Guyanese environmental attorney Melinda Janki has delivered a powerful message to young lawyers across the Commonwealth, outlining how strategic litigation and unwavering resolve enabled her to challenge ExxonMobil’s oil operations in Guyana and secure landmark court victories.
In a recent TEDTalk presentation titled “How we took on an oil giant — and won,” Janki traced her transformation from corporate oil industry lawyer to environmental advocate. Reflecting on the pivotal moment that changed her path, she said: “When I was younger, I worked in the oil industry. I was a corporate lawyer inside one of the biggest oil companies in the world. Then one day, in the middle of a massive deal, a colleague said to me, ‘This is so sexy.’ And I knew I had to leave.”
Returning to Guyana, which she described as “a carbon sink” within the Amazon rainforest system, Janki shifted her focus to defending communities and ecosystems. She told the audience that her work included drafting environmental and Indigenous rights legislation that helped empower an Indigenous community to safeguard 2,300 square miles of tropical forest.
Her deep personal connection to nature, she explained, fuels her activism. Yet that natural beauty, she warned, faces mounting danger from fossil fuel-driven climate change. ExxonMobil’s 2015 announcement of more than 11 billion barrels of offshore oil discoveries in Guyana intensified her resolve to act.
“I know what you’re thinking. The oil industry is big. It’s powerful… But you can fight them. And you can win,” Janki said, emphasising that the law provides an effective counterweight to corporate influence. “The oil industry cares about money… The only thing they respond to is power. Law is power. I’m a lawyer. I use law.”
Janki recounted a series of courtroom successes achieved despite limited resources and initial scepticism. Among them was a 2020 ruling that reduced ExxonMobil Guyana’s environmental permits from 20 years to five after she identified a little-noticed regulatory provision restricting permit duration. “I don’t ask judges to make new laws… I use existing law. My heart tells me what to do, but my head tells me how to do it,” she said.
A major breakthrough followed in March 2025, when the court agreed that environmental impact assessments for Exxon’s projects must consider global emissions generated when Guyana’s oil is burned — so-called Scope 3 emissions. Janki noted that the ruling relied on statutory language she had drafted requiring consideration of indirect environmental impacts, setting a precedent for future petroleum developments.

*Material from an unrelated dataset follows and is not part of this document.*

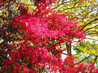 トキワマンサクの変種の常緑の小高木です。鮮紅色で光沢のあるビニール紐を裂いたような花を集合させて咲かせます。鮮やかな色をぜひご覧ください。

In what she described as the most significant case so far, the court ruled that ExxonMobil Guyana Limited holds unlimited liability for environmental damage arising from its operations and must be backed by an unlimited parent company guarantee. The decision, she said, recognised that the subsidiary lacked the financial capacity to cover potential damages, underscoring the risks associated with offshore drilling.
Additional rulings have required ExxonMobil Guyana to comply with international law, maintain insurance coverage and provide a US$2 billion guarantee. Courts also clarified that co-venturers Hess Guyana and CNOOC Guyana cannot rely solely on their petroleum production licences to produce oil.

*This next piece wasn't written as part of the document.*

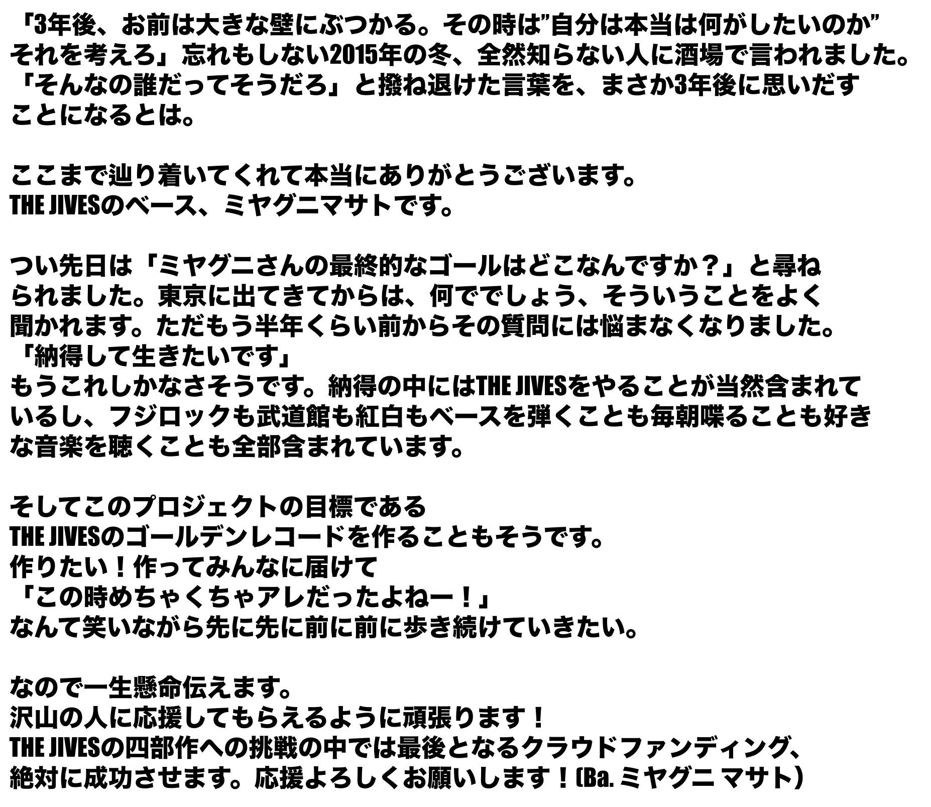 四部作第4弾の「Audrey」と共に始まった今回のプロジェクト。THE JIVESが2年間挑み続けてきたチャレンジを色んな形で残したいと考えています。フジロック、武道館、紅白。もっと沢山の人に知ってもらいたいし、もっと沢山の人に楽しんでもらいたい。もっとTHE JIVESを続けたいので頑張ります。ぜひ応援をよろしくお願いします!THE JIVESはみんなと一緒に大きくなっていきます。メンバーからも意気込みが届いています。

Janki acknowledged that not every case resulted in victory but stressed that even setbacks can reshape the legal landscape. She highlighted an early lawsuit filed on behalf of a pensioner client, Ramon “Rambo” Gaskin, which, though unsuccessful on its main claim, led to a groundbreaking ruling that public-interest litigants seeking to protect the environment should not face adverse legal costs. The precedent, she said, now applies across five countries and lowers barriers to environmental justice.
Framing her remarks as both warning and call to action, Janki argued that the fossil fuel industry’s business model poses a profound threat to life on Earth and demands sustained legal scrutiny. “We will continue to fight. We don’t have a choice… It’s them or us,” she declared.

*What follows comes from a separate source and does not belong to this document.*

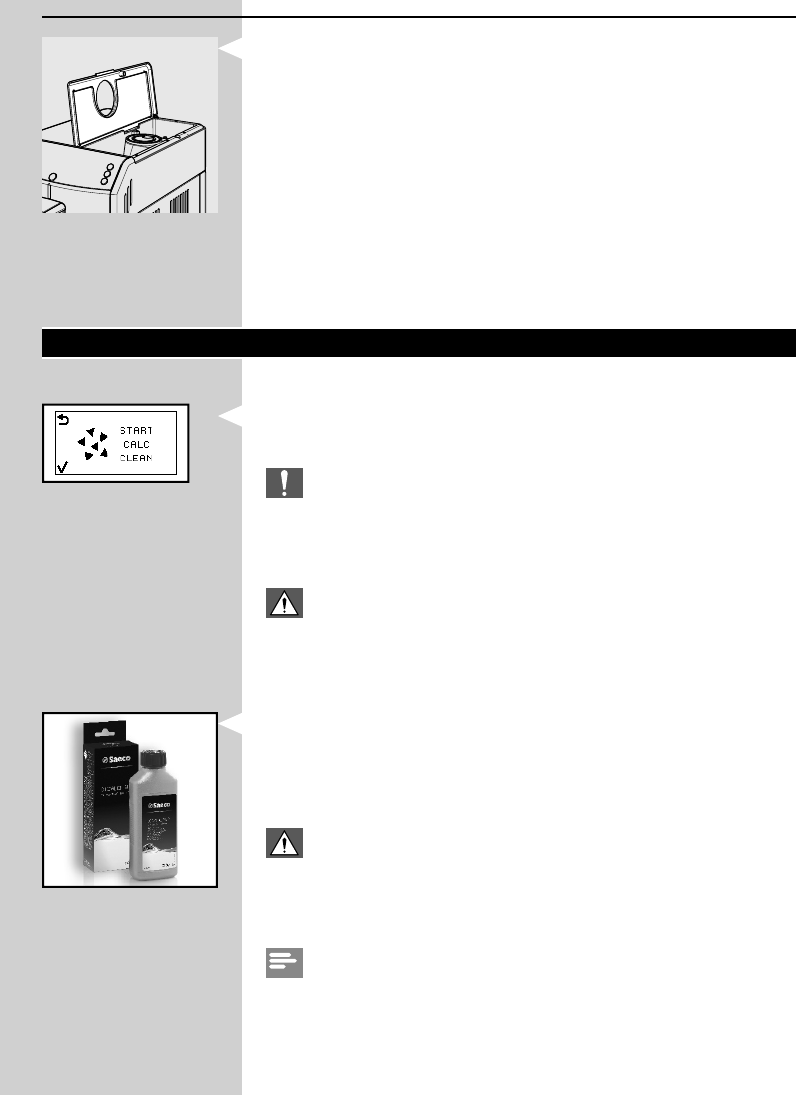 Wird das Symbol “START CALC CLEAN” angezeigt, so muss das Entkalken

Closing with a message of empowerment, she urged young lawyers not to be intimidated by corporate power. “Don’t be fooled by the big bad image of the oil industry… When we fight with courage and intelligence, we beat the oil industry.”
Janki’s presentation highlighted the growing role of strategic climate litigation and positioned the law as a critical tool for safeguarding environmental rights, human welfare and the future of vulnerable states like Guyana.